# XTRA Sports Radio 690/1150



## Sean (Jun 7, 2002)

http://www.foxsports1150.com/main.html

Ballin with Vic And Joe
Every Saturday morning on 690 or 1150 am there is a show that Laker fans can check out on the radio here in Socal. For those of you who are not located here, or get no AM radio reception, check out the website, where you can listen to the live audio feed. 

http://www.foxsports1150.com/streaming.html

Also, ever weekday morning, Joel Myers, the Lakers radio network play by play announcer, does a Laker report at 8:15 am, during Tony Bruno's show.

Also noon - 3 pm, the Loose Cannons. 

http://www.foxsports1150.com/streaming.html


----------



## Lynx (Mar 6, 2004)

Thanks Sean!


----------



## Sean (Jun 7, 2002)

Kobe is doing an interview with them right now.

http://www.foxsports1150.com/streaming.html


----------



## Lynx (Mar 6, 2004)

Really? What's the topic Sean?
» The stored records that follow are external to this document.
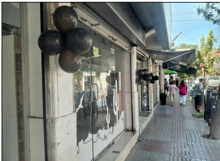
Comerciantes se manifestaron este martes con globos negros en sus fachadas por la ola de robos que los ha afectado.

Finalmente, y ante la consulta de la posibilidad de poder contar con una unidad de seguridad especializada en San Felipe, la edil manifestó que «di instrucciones al director jurídico que vea esta posibilidad para realmente cumplir con ello, y ojalá en la brevedad posible, incorporar más personal a esta función, algunos compartidos, y otros con dedicación exclusiva a la seguridad pública», cerró.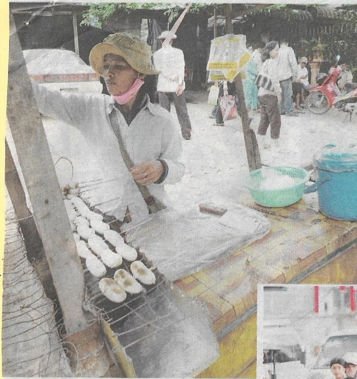
ENDUDUK Khmer menyara hidup dengan erniaga secara kecil-kecilan.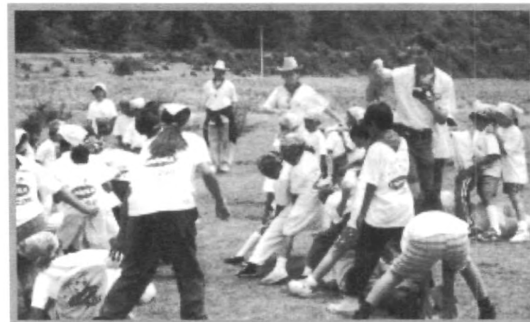
VIVE UNAS VACACIONES DIFERENTES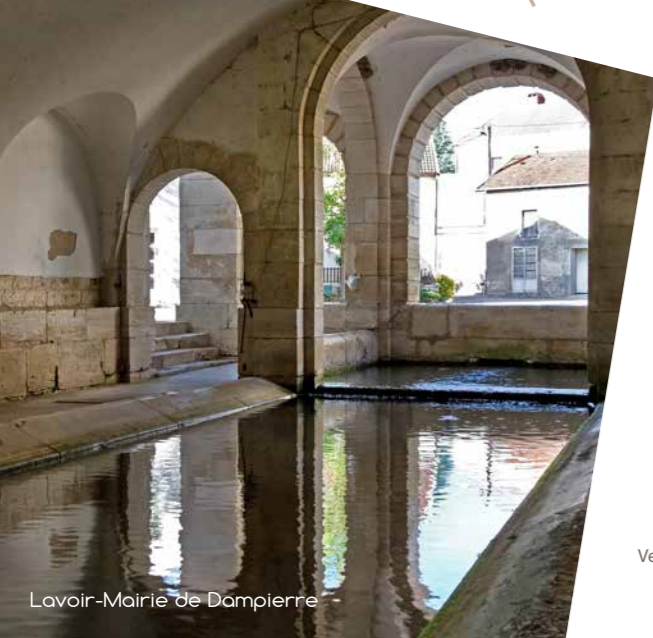
Lavoir-Mairie de Dampierre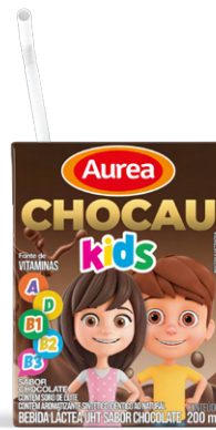
Bebida Láctea 200ml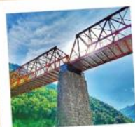
01 Ponte Nossa Senhora de Caravaggio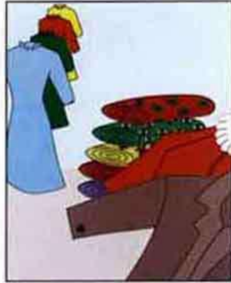
Kiếp trước: Hiến vải giúp Tăng Ni Đời nay: Không mặc gấm cũng mặc lụa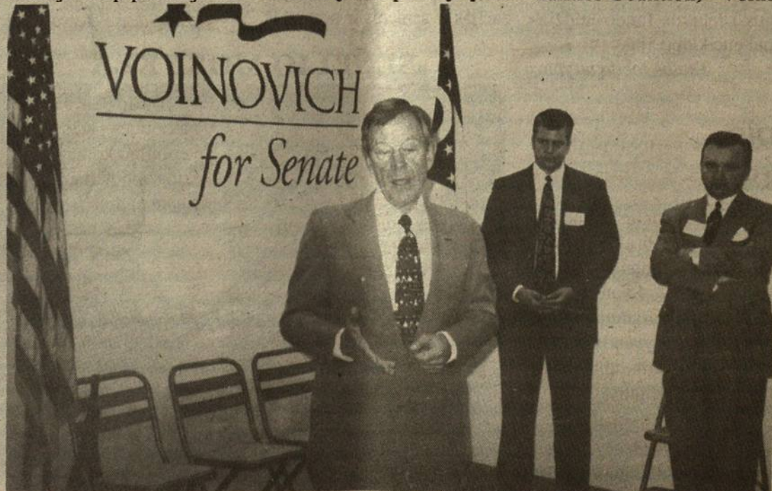
Ohio gubernatorius G. Voinovich tautinių bendrijų atstovams praneša apie savo kandidatavimą į Senatą.

I can't listen to it since I'm at the job at the moment.


----------



## Sean (Jun 7, 2002)

the kobe interview was two days ago.

right now they are discussing everything from Malone and the fan to the team's lack of rebounds.

you can't get the stream at work or you can't listen because you are at work?


----------



## Lynx (Mar 6, 2004)

> Originally posted by <b>Sean</b>!
> you can't get the stream at work or you can't listen because you are at work?


I was at the work on Saturday, got hold of the interview later.


----------